Ms. White acknowledged that Dr. Randolph released her to full duty on December 24, 2003. She againasked to return to work, but she was not allowed to. Claimant applied for unemployment compensation in January, 2004. She has not looked for any other employment since January of 2004.
On September 22, 2003 Dr. Byler opined that claimant could return to work with a 20-pound lifting limit. (Employer/Insurer's Exhibit 2, Page 1)
On October 2, 2003 Dr. Gocio opined that claimant was capable to light duty with a 10 pound liftingrestriction; however he recommended against lifting infants due to her complaints of left arm weakness. (Claimant's Exhibit W, Pages 2-3)
On October 27, 2003 Dr.
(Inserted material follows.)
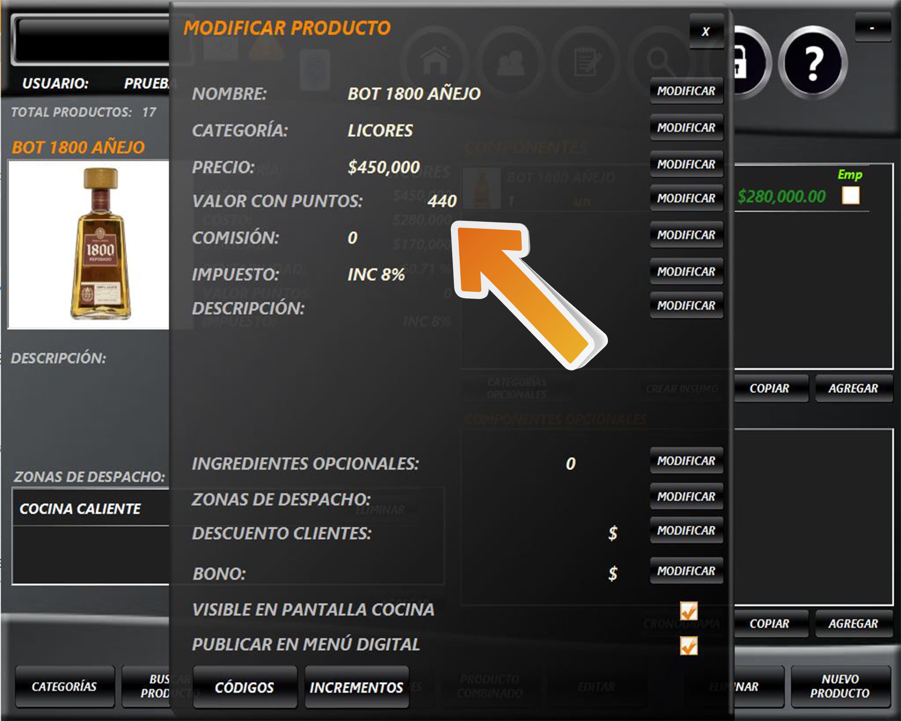 Para asignar valor por puntos a una producto ingrese al módulo MENÚ.

Randolph opined that claimant could work with a lifting limitation of 5 to 10 pounds and avoidance of frequent or continual lifting. On November 24, 2003 Dr. Randolph opined that claimant could work with a lifting limitation of 25 pounds. (Joint Exhibit LL-1, depo ex 2)
On December 10, 2003 He opined that claimant could perform the vast majority of her duties, but with a lifting limitation of 30 pounds. On December 24 Dr. Randolph opined that Ms. White had reached maximum medical improvement and could perform normal activity. (Joint Exhibit LL-1, depo ex 2)
In his report of May 6, 2004 Dr. Gocio opined that Ms. White could work, but with a lifting restriction of 30 pounds with the left arm. (Claimant's Exhibits W, Pages 7-9, FFF \& GGG)
Additional Findings
Employer/insurer paid temporary disability compensation to December 10, 1993. On that day Dr. Randolph opined that claimant could work with a lifting limitation of 30 pounds. Claimant offered to perform light duty. Employer did not allow claimant to return to work.
On December 24, 2003 Dr. Randolph opined that claimant had reached maximum medical improvement and could perform normal activity without any restrictions. Though claimant wanted to return to work, Employer did not allow her to return to work. She was told that there was no work for her.
Based on the evidence I find that from December 10 to December 24, claimant remained temporarily and totally disabled. She was still under treatment by Dr. Randolph. She was still taking pain medication. She had a lifting limitation of 30 pounds and expected to return to her old job with Employer when her treatment ended. I find that it is highly unlikely that any employer in the open labor market would have hired Ms. White during that period. On December 24, 2003 claimant reached maximum medical improvement and Dr. Randolph allowed her to work without restrictions. I find that she was no longer temporarily and totally disabled as of that date because she had reached maximum medical improvement. Temporary disability ends when the employee reaches maximum medical improvement.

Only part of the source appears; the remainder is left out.